ASSIGNMENT => Line for line, return the data exactly, omitting all pictures.

DATASET EXTRACT =>

[Start of Attachment]

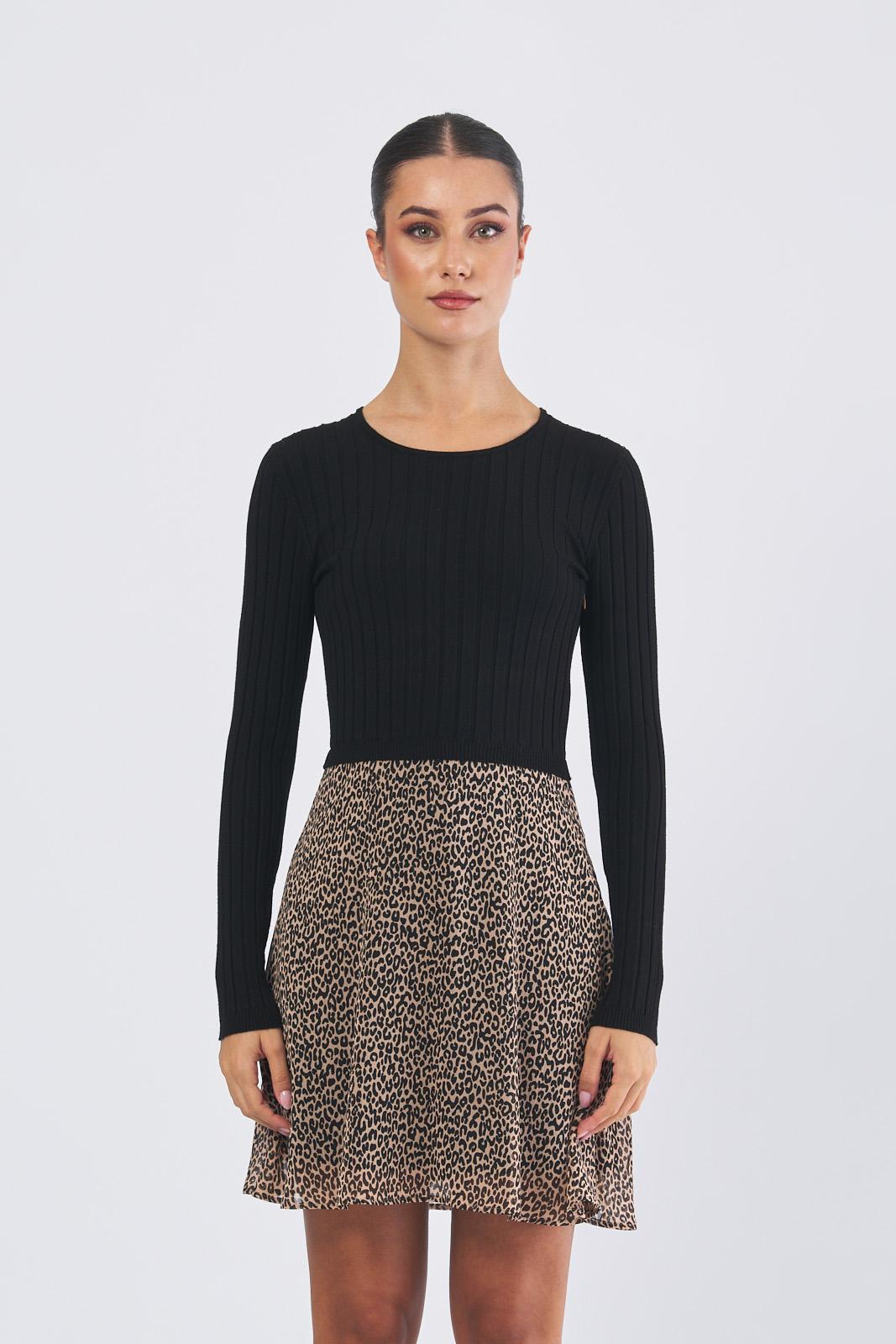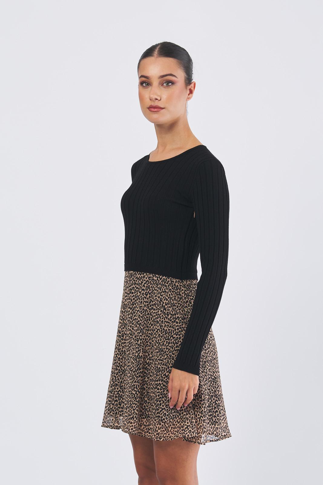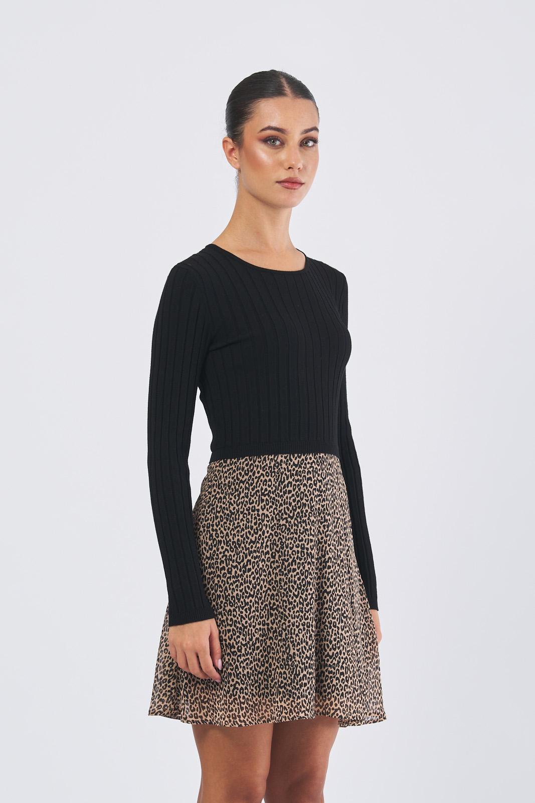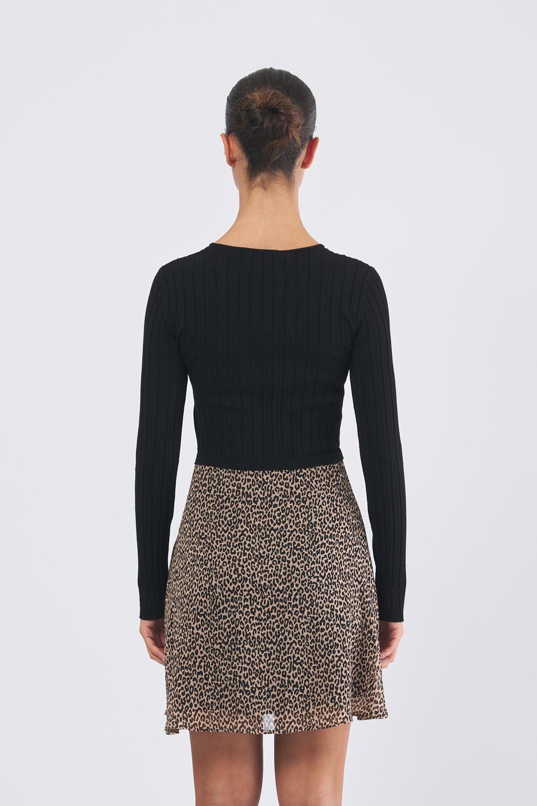Abito nero con gonna maculata con tessuto principale contenente una percentuale di poliestere riciclato superiore al 50%Top aderente in maglia stretch a coste piatteGonna svasata in crépon stampatoScollo tondo, maniche lungheZip invisibile al fiancoGonna foderata in jersey
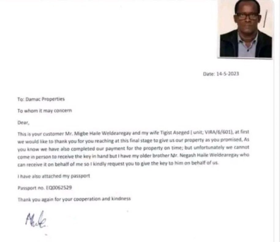 Yet, Megbey exploited the history of Aksum to advance his war rhetoric and evade responsibility for using stolen gold to enrich himself. He has been forcing farmers from their land in northwest Tigray to extract gold for his own gain, polluting and damaging the environment with harmful chemicals that kill animals and render the land unusable for farming for many generations. Megbey claimed he was a businessman before the genocidal war. While he may be a businessman, the property he purchased in Dubai in 2023 was funded with gold illegally mined in Tigray under his command in the North-West (see the letter below).
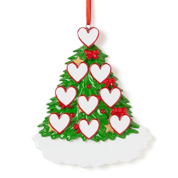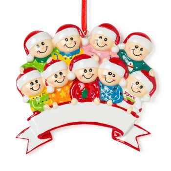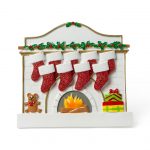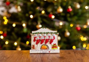 Le 9 calze appese sul camino acceso, pronte per essere riempite di regali e dolcetti, creano un’atmosfera calda e divertente per la tavola di Natale. Ogni calza è personalizzabile con un nome e nella decorazione è possibile aggiungere una data o un augurio sul banner bianco. Le nostre bravissime decoratrici seguiranno le tue indicazioni per personalizzarla a mano secondo i tuoi desideri, senza costi aggiuntivi. Ogni decorazione ti sarà consegnata nella bellissima Gift Box.
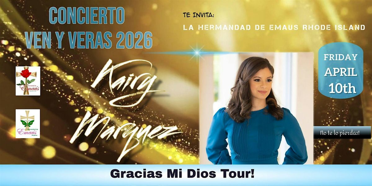 NOCHE DE ALABANZAS Y TESTIMONIO: El proximo Viernes 10 de Abril a partir de las 7:00 pm se llevará a cabo en el auditorio diocesano McVinney, el concierto "Ven y Veras 2025", con la cantautora católica Kairy Marquez. El costo de la donación es $35 y $45 para beneficio de los retiros de hombres y mujeres de la Hermandad de Emaus Rhode Island.

[End of Attachment]

RESULT FOR THIS TASK =>
Abito nero con gonna maculata con tessuto principale contenente una percentuale di poliestere riciclato superiore al 50%Top aderente in maglia stretch a coste piatteGonna svasata in crépon stampatoScollo tondo, maniche lungheZip invisibile al fiancoGonna foderata in jersey
 Yet, Megbey exploited the history of Aksum to advance his war rhetoric and evade responsibility for using stolen gold to enrich himself. He has been forcing farmers from their land in northwest Tigray to extract gold for his own gain, polluting and damaging the environment with harmful chemicals that kill animals and render the land unusable for farming for many generations. Megbey claimed he was a businessman before the genocidal war. While he may be a businessman, the property he purchased in Dubai in 2023 was funded with gold illegally mined in Tigray under his command in the North-West (see the letter below).
 Le 9 calze appese sul camino acceso, pronte per essere riempite di regali e dolcetti, creano un’atmosfera calda e divertente per la tavola di Natale. Ogni calza è personalizzabile con un nome e nella decorazione è possibile aggiungere una data o un augurio sul banner bianco. Le nostre bravissime decoratrici seguiranno le tue indicazioni per personalizzarla a mano secondo i tuoi desideri, senza costi aggiuntivi. Ogni decorazione ti sarà consegnata nella bellissima Gift Box.
 NOCHE DE ALABANZAS Y TESTIMONIO: El proximo Viernes 10 de Abril a partir de las 7:00 pm se llevará a cabo en el auditorio diocesano McVinney, el concierto "Ven y Veras 2025", con la cantautora católica Kairy Marquez. El costo de la donación es $35 y $45 para beneficio de los retiros de hombres y mujeres de la Hermandad de Emaus Rhode Island.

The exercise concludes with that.